What you need to do: The task for the listing below is to write out exactly the lines starting at the one containing "Note: GAR classified" and ending at the one containing "Seals on Ile de Phoques", both included. Pictures are to be omitted.

Data to process:
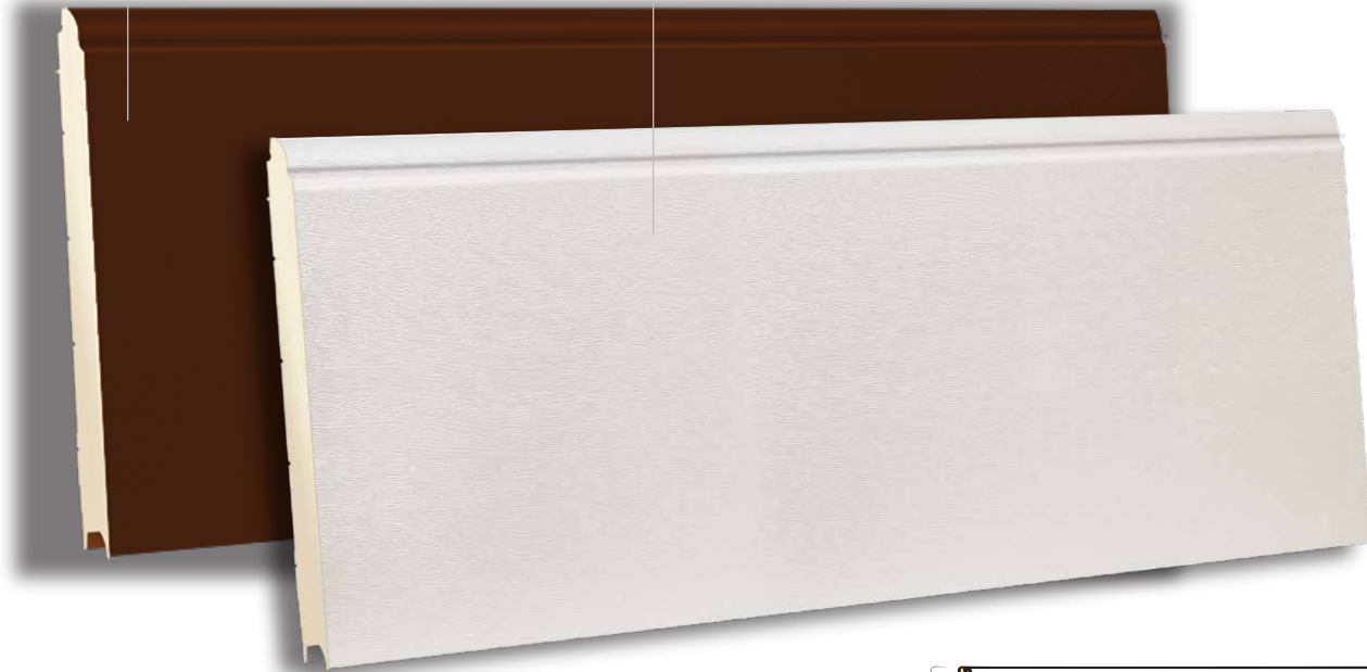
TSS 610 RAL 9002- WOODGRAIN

---

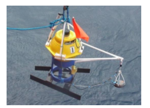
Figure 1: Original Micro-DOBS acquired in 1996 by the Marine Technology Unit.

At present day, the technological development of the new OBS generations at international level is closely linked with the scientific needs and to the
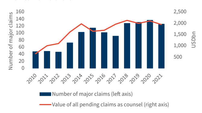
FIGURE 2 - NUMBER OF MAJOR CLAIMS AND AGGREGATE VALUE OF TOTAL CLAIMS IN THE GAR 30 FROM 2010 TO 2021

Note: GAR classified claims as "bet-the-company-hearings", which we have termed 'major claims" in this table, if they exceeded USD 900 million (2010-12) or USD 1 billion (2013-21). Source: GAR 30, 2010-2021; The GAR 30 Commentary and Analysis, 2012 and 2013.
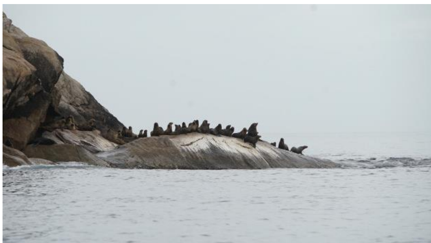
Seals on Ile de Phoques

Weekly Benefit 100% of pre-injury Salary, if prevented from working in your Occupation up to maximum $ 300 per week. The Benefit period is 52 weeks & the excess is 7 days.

Your response:
Note: GAR classified claims as "bet-the-company-hearings", which we have termed 'major claims" in this table, if they exceeded USD 900 million (2010-12) or USD 1 billion (2013-21). Source: GAR 30, 2010-2021; The GAR 30 Commentary and Analysis, 2012 and 2013.
Seals on Ile de Phoques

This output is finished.